The space is about 40,000 s/f and is being offered by the law firm Ropes & Gray, which took the floor in 2008 in order to exercise rights to grow in the property.
Ropes & Gray leased about 250,000 s/f in the nearly two million square feet skyscraper in 2005 and plans to eventually use the 32nd floor to expand.
Representatives from both Grais & Ellsworth and Ropes & Gray declined to comment on the deal.
Brokers familiar with the space say that Ropes & Gray has outfitted the floor with an office installation in order to ready it for its own occupancy.
The fact that the master tenant is a law firm likely makes the space especially suitable for Grais & Ellsworth. Law firms tend to prefer a distinct type of office layout, according to real estate experts, with the perimeter space dedicated to windowed offices for partners and senior attorneys and also space alloted to filing systems that allow firms to organize the prodigious amounts of paperwork they must typically keep on hand.
Sources say that Grais & Ellsworth is negotiating a seven-year deal for the space with an option to leave after five years. Rents were not available by press time. Although the agency team that handles deals in the building does not make public an asking rate for space, people familiar with the building say rents for space being offered directly by the landlord generally range between $70 and $85 psf, depending on the floor.

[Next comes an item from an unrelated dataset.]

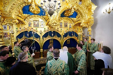 Из аэропорта Святейший Патриарх Кирилл направился в Соловецкий монастырь. В Троицком соборе Соловецкой обители Святейшего Патриарха встречали: заместитель председателя Правительства Российской Федерации, сопредседатель Попечительского совета Фонда по сохранению и развитию Соловецкого архипелага Д.Н. Чернышенко, губернатор Санкт-Петербурга А.Д. Беглов, первый заместитель министра культуры РФ С.Г. Обрывалин, председатель Совета Фонда по сохранению и развитию Соловецкого архипелага А.В. Гуц; братия обители.

The sublease will allow Ropes & Gray to net income on the vacant floor until its growth is sufficient enough to fill the space itself. The firm’s lease in the building stretches until 2027.
Though Ropes & Gray is a large tenant, 1211 Avenue of the Americas is predominantly leased by the television and media conglomerate News Corporation, which occupies about one million square feet in the property. Only the tower’s top four floors, 41-44, totaling 160,000 s/f, are available, beginning next year.
A team from the real estate services firm Cushman & Wakefield handles leasing at the property for owner Beacon Properties. It’s not clear however if any deals will get done for the vacancy.
In recent months, Beacon hired the brokerage company Eastdil Secured to market the property for sale. According to sources, Beacon put the effort on hold after offers for the asset came in hundreds of millions of dollars below the roughly $2 billion it was seeking.
Sources say that the firm will likely test the market again next year, which puts into question how willing it will be to try to fill the tower space.
If the commercial leasing market begins to rise, attaching a valuable vacant block as a potential opportunity for a buyer to capture high rents could make the building more alluring on the auctioning block to potential bidders.